*Collected data:*
+---+
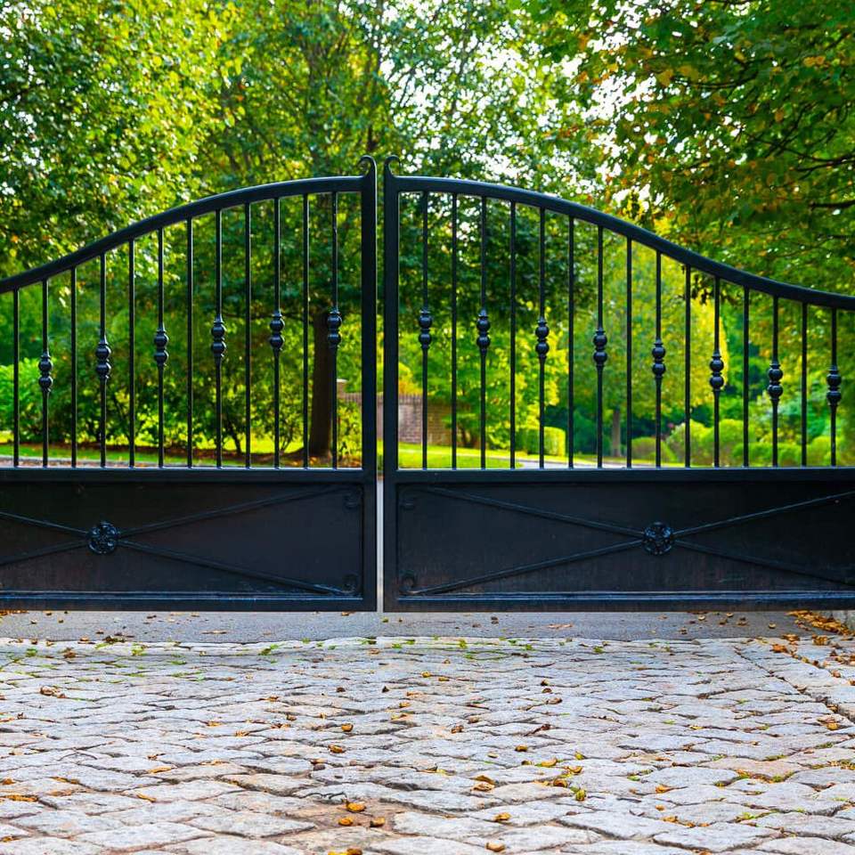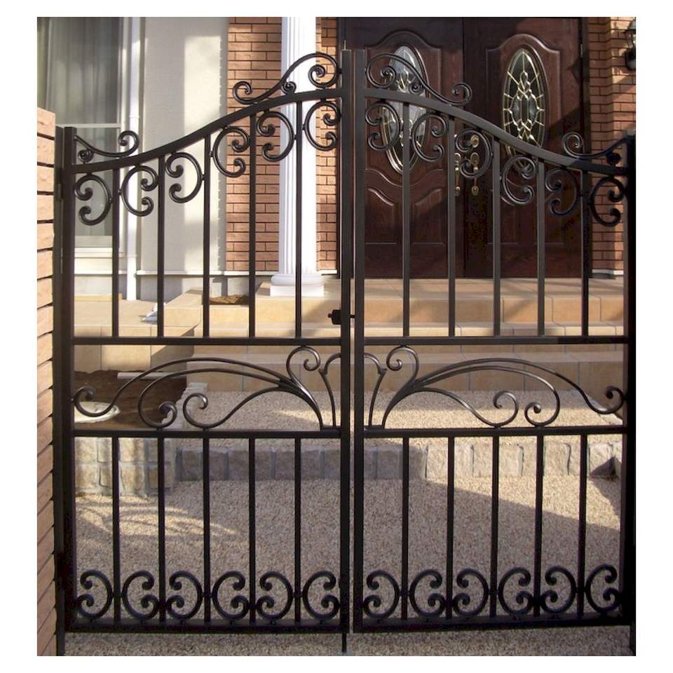 Porte française en fer forgé Prima avec poignées courbes et panneaux en verre transparent pour l'intérieur et l'extérieur
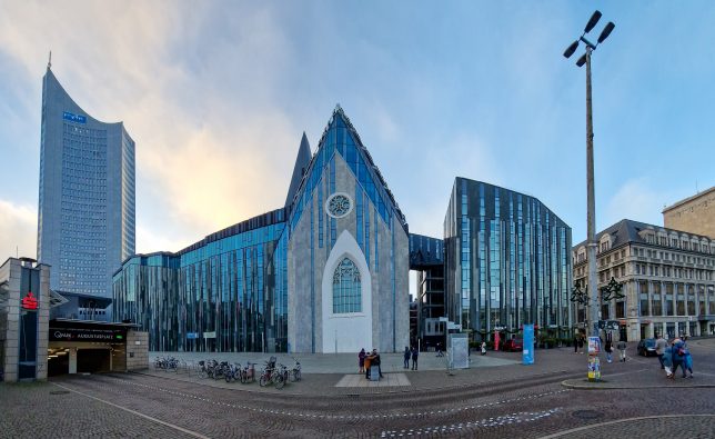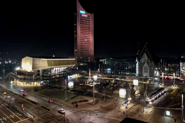 Unser nächstes Ziel war der Augustusplatz, einer der größten innerstädtischen Plätze Deutschlands mit einer Fläche von etwa 40.000 Quadratmetern. Die DDR-Stadtplanung hinterließ hier ihre Spuren: Nach den Zerstörungen im Zweiten Weltkrieg wurde der Platz in den 1960er-Jahren neu gestaltet, wobei historische Gebäude modernen Bauten weichen mussten. Heute dominieren das Gewandhaus, die Oper und Leipzigs einziger Wolkenkratzer, das City-Hochhaus, das Bild.
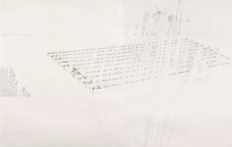 Chinese ink and pigment transfer on paper, 115 x 160 cm
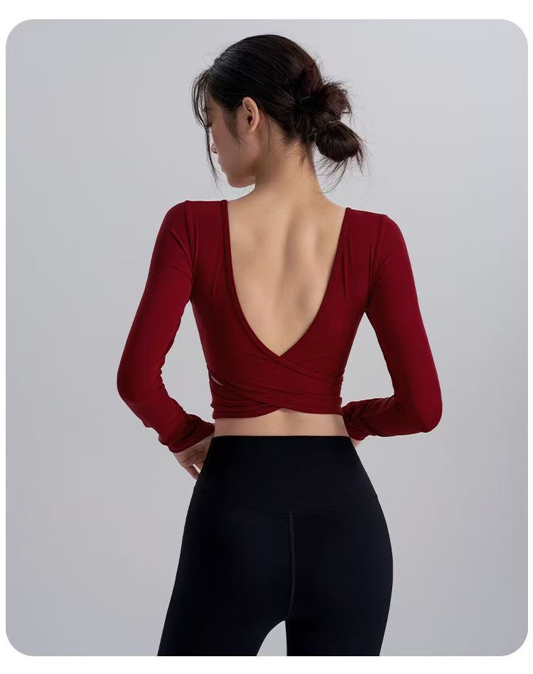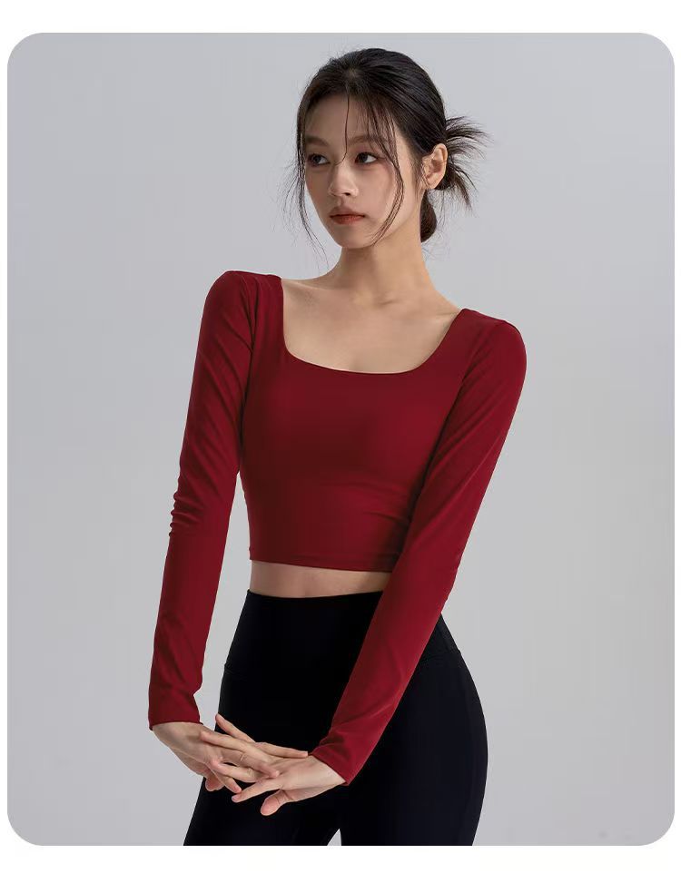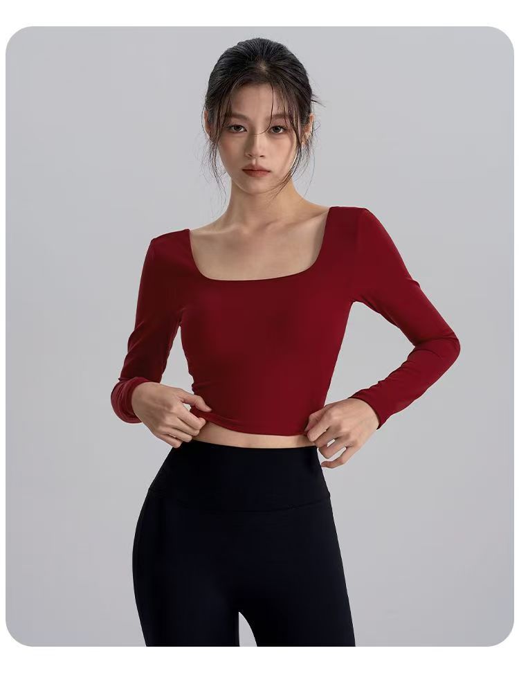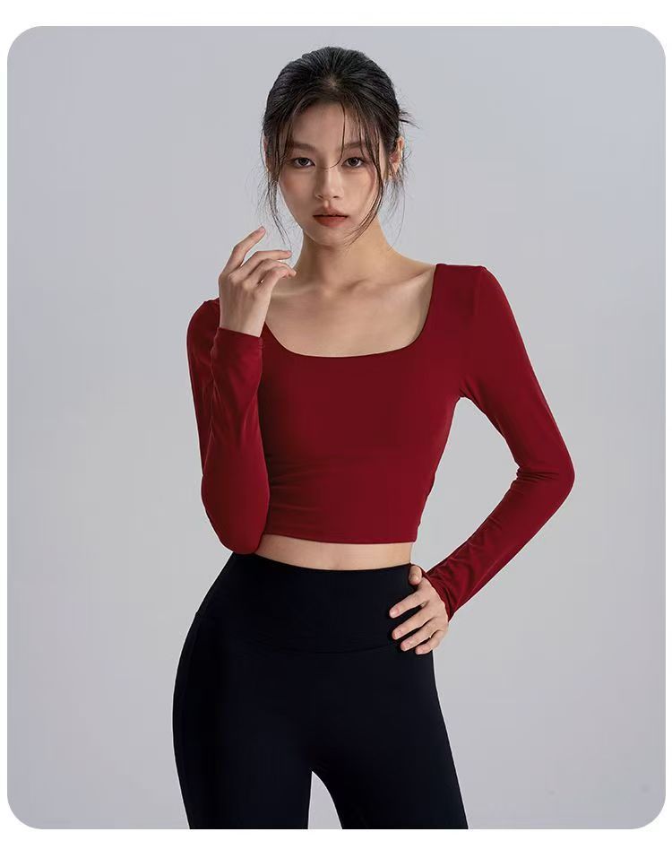 2025 새로운 스타일의 뷰티 백 요가 옷 가슴 패드 새해 붉은 광장 칼라 슬림 룩 탑 필라테스 긴 소매 실행
+---+
*Problem requirements:* Once the pictures are set aside, transcribe the remaining lines above exactly.

*Task output:*
 Porte française en fer forgé Prima avec poignées courbes et panneaux en verre transparent pour l'intérieur et l'extérieur
 Unser nächstes Ziel war der Augustusplatz, einer der größten innerstädtischen Plätze Deutschlands mit einer Fläche von etwa 40.000 Quadratmetern. Die DDR-Stadtplanung hinterließ hier ihre Spuren: Nach den Zerstörungen im Zweiten Weltkrieg wurde der Platz in den 1960er-Jahren neu gestaltet, wobei historische Gebäude modernen Bauten weichen mussten. Heute dominieren das Gewandhaus, die Oper und Leipzigs einziger Wolkenkratzer, das City-Hochhaus, das Bild.
 Chinese ink and pigment transfer on paper, 115 x 160 cm
 2025 새로운 스타일의 뷰티 백 요가 옷 가슴 패드 새해 붉은 광장 칼라 슬림 룩 탑 필라테스 긴 소매 실행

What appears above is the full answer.